The shift from statistical models to neural networks and LLMs, together with the transition from cascade to end-to-end systems, is driving major advancements in MI. Recent systems have significantly improved key performance metrics, including information fidelity, delivery fluency, latency reduction, and speaker fidelity and prosodic naturalness, often matching or surpassing human interpreter benchmarks (e.g., Cheng et al., 2024; Labiausse et al., 2025). By leveraging high-automation real-time processing, extensive multilingual knowledge bases, and continuous deep learning, current MI systems demonstrate significant potential to overcome the “cognitive resource and capacity limitations” (Lu, 2018) inherent in human SI – a task that demands the concurrent processing of auditory input and verbal output. Coupled with greater cost-effectiveness and enhanced operational reliability, these technological advancements have positioned MI systems as being increasingly competitive, as evidenced by their growing global adoption. These developments represent a paradigm shift with profound implications for interpreting practice, pedagogy, and research.

However, the nature of interpreting, which demands situated cognition and real-time processing, presents a far greater challenge for MI than for MT. Such complexity is increased further by the need to process spontaneous spoken language, which is highly context-dependent and often features colloquial expressions, irregularities, inaccuracies, and ellipses. Moreover, spoken language is rich in paralinguistic features such as tone, pace, pauses, and intonation, in addition to nonverbal cues such as facial expressions, gestures, and body movements. These complexities, combined with the design and operational limitations of MI systems, present persistent challenges (Lu, 2022, 2023), as indicated here:

(1) multimodal processing of source prosody, speaker nonverbal cues, and supplementary materials (e.g., scripts, PPTs, audio, video);

(2) challenges in source recognition arising from poor audio, noise, overlapping speech, accents, disfluencies, homophones, neologisms, proper names, culture-specific items, rare vocabulary, and irregular expressions;

(3) a tendency towards literal translation rather than meaning-based translation, limiting the capture of pragmatic meaning, cultural and ideological nuances, emotional subtleties, and metaphorical language;

(4) deficiencies in output naturalness, prosody, emotional resonance, and stylistic accuracy, compromising usability and communicative effectiveness;

(5) underdeveloped multilingual systems having to deal with language pairs, directionality, and low-resource or minority languages;

(6) limitations in employing adaptive strategies or tactics such as amplification, clarification, filtering, mitigation, and intercultural mediation;

(7) the inability to perform multiple roles and switch flexibly between consecutive, simultaneous, and whispered interpreting;

(8) the lack of social identity, perspectives, emotions, and warmth, qualities that are intrinsic to human interpreters and essential in many contexts;

(9) the incapacity to handle on-site crises such as interpersonal conflicts, disputes, and technical system failures effectively.

In addition, MI raises ethical concerns, including questions of accuracy, accountability, bias, and privacy, together with social risks such as cultural homogenization, the digital divide, and ideological implications that require further scrutiny.
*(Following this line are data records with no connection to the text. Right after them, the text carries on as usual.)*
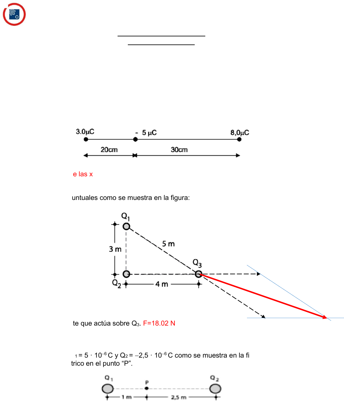 Medicina 1 INGRESO 2021 GUÍA DE EJERCITACIÓN ELECTROSTÁTICA 1) Dos cargas puntuales Q1 = 4·106 C y Q2 = 8·106 C, están separadas 4 m. ¿Con qué fuerza se atraen? F = 0,018 N 2) Tres cargas puntuales se colocan sobre el eje x como se muestra en la figura. Determinar la fuerza neta que actúa sobre la carga de 5 μC debido a la presencia de las otras dos cargas. 0,63 N, sentido negativo de las x 3) Se tienen tres cargas puntuales como se muestra en la figura: Q1 = (25/36) · 104 C Q2 = 4 · 105 C Q3 = 4 · 104 C Calcular la fuerza resultante que actúa sobre Q3. F=18.02 N 4) Se tienen dos cargas: Q1 = 5 · 106 C y Q2 = 2,5 · 106 C como se muestra en la figura. Calcular la intensidad de campo eléctrico en el punto “P”. ET = 45000 N/C + 3500 N/C = 48600 N/C Medicina 2 INGRESO 2021 5) En el sistema de cargas representadas, se sabe que las cargas colocadas en B y C se repelen con una fuerza de 1,8 N. y que la fuerza eléctrica neta en la carga colocada en B es cero. Determinar valor y signo de la carga Q Q= 4·10 -6 C 6) Un objeto esférico tiene una carga de 8 μC ¿A qué distancia del centro del objeto el potencial es igual a 3,6·104 V? � = �� � → � = �� � = 2 � 7) ¿Qué energía almacena un capacitor de 10000 μF cuando se conecta a una fuente de 300 V? � = � � � ��� = 1 2 �� → � = � �� → � = 1 2 ��� = ��� � 8) ¿Cuál es la diferencia de potencial entre dos puntos de un campo eléctrico, si para transportar una carga de 5 C se ha realizado un trabajo de 4,9 J? V = 0,98 V 10) En el modelo de Bohr del átomo de hidrogeno (H), el electrón en órbita alrededor del protón puede existir sólo en ciertas orbitas circulares. La más pequeña tiene un radio de 0,0529 nm, y la siguiente mayor tiene un radio de 0,212 nm. ¿Qué se puede afirmar acerca del potencial eléctrico asociado con cada orbita? a) La menor tiene mayor potencial. [*] b) la mayor tiene mayor potencial. c) ambas tienen el mismo potencial. El electrón está en órbita en el campo de un protón, cuya carga es positiva. Como el potencial eléctrico crece con distancia decreciente desde una carga positiva, la respuesta debe ser (a). � = �� � 11) En el modelo de Bohr del átomo de hidrogeno (H), el electrón en órbita alrededor del protón puede existir sólo en ciertas orbitas circulares. La más pequeña tiene un radio de 0,0529 nm, y la siguiente mayor tiene un radio de 0,212 nm. Determinar el potencial V en la órbita más pequeña, y seleccionar la opción correcta: considerar la carga del electrón: 1.6. 10-19 C a) +27,2 mV b) +27,2 V [*] c) 27,2 V d) 27,2 mV Medicina 3 INGRESO 2021 12) En el modelo de Bohr del átomo de hidrogeno (H), el electrón en órbita alrededor del protón puede existir sólo en ciertas orbitas circulares. La más pequeña tiene un radio de 0,0529 nm, y la siguiente mayor tiene un radio de 0,212 nm. Determinar el potencial V en la órbita más grande, y seleccionar la opción correcta: a) +6,79 mV b) 6,79 V c) +6,79 V [*] d) 6,79 mV 13) Dos cargas puntuales (Q1 y Q2) se atraen inicialmente entre sí con una fuerza de 600 N, si la separación entre ellas se reduce a un tercio de su valor original ¿Cuál es la nueva fuerza de atracción? (Rta.: F = 5400N). 14) Calcular la carga de dos partículas igualmente cargadas, que se repelen con una fuerza de 0,1 N, cuando están separadas por una distancia de 50 cm en el vacío (Rta: Q1 = Q2 = 1.66.10-6 C). 15) Dada las siguientes cargas: Q1 = 5•10-8 C, Q2 = Q1 y Q3 = -Q1. Si Q1 se encuentra a 10 cm a la izquierda de Q2 y Q3 a 10 cm a la derecha de Q2, determinar: a) La fuerza electrostática sobre Q1. b) La fuerza electrostática sobre Q2. ( Rta.: 1,69•10-3 y 4,5•10-3 N) 16) Sobre los vértices de un triángulo equilátero de 10 cm de lado, se ubican las siguientes cargas: Q1 = 5•10-8 C, Q2 = Q1 y Q3 = -Q1. Determinar la fuerza resultante sobre la carga Q1 (Rta.: 2,25•10-3 N) 17) Calcular el campo eléctrico creado por una carga Q = 2•10-6 C sobre un punto P situado a 30 cm de distancia. Calcular, además la fuerza sobre una carga Q = -4•10-6 C situada en el punto P (Rta.: 2•105 N/C y 0,8 N).
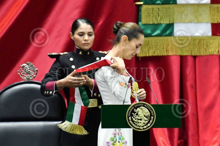 CIUDAD DE MÉXICO, 01OCTUBRE2024.- Una mujer cadete coloca a la banda presidencial a Claudia Sheinbaum, quien tomó protesta como Presidenta Constitucional de los Estados Unidos Mexicanos, durante la sesión de Congreso General realizada en la Cámara de Diputados. FOTO: MARIO JASSO/CUARTOSCURO.COM
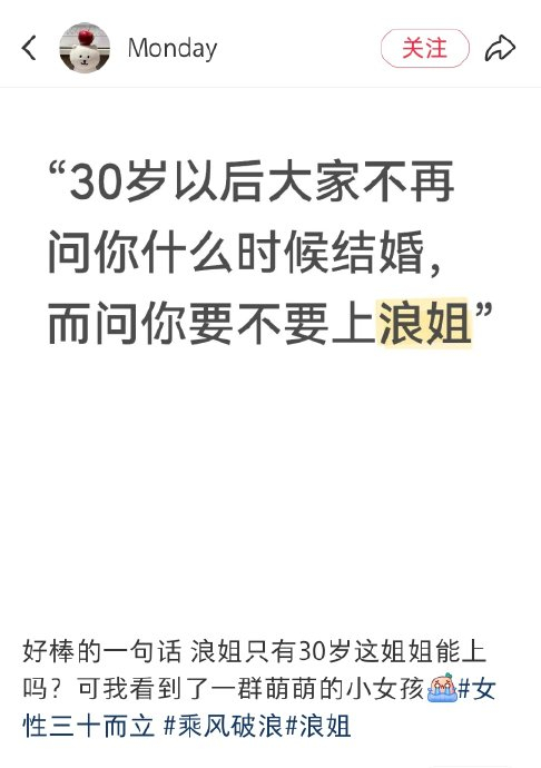 节目彻底扭转了“30+即衰退”的行业偏见,将“浪”转化为自信符号。社会对女性年龄的讨论从“何时结婚生子”转向“能否上浪姐”,如曾沛慈鼓励年轻艺人“两年后上浪姐”,王濛调侃“30岁初舞台不淘汰”,折射出年龄从枷锁变为资历的认知跃迁。观众对30岁参与者的评价变为“好年轻,刚到门槛”,标志着节目推动“三十而立”进化为“三十而骊”的社会共识。

These and other unresolved challenges inherent in MI highlight the need for further research by both research communities (i.e., computational and interpreting), combining their distinct approaches and expertise to ensure the responsible and valuable deployment of MI.

3.    Evolution of and state of the art in computer-assisted interpreting

Research on CAI has evolved significantly during the past decade. What began as a relatively niche area of enquiry, one pursued by a small circle of scholars, has grown into a dynamic and widely explored field. This expansion has been driven in part by the increasing availability and sophistication of AI-based technologies, which offer new opportunities for supporting interpreters before, during, and after their assignments. As both academic and professional interest intensifies, the scope of CAI research has broadened accordingly.

The current body of literature can be broadly categorized into three main areas. The first, and the most extensively studied, is SI, where real-time support tools have received sustained scholarly attention. The second concerns consecutive and dialogue interpreting – for example, that employed in healthcare and community settings – which remains comparatively underexplored, despite its practical significance. A third area, which is still emerging, investigates the ways in which digital technologies can be leveraged to enhance interpreter training, evaluating as it does both the pedagogical outcomes of adopting such technologies and the technological integration within educational frameworks.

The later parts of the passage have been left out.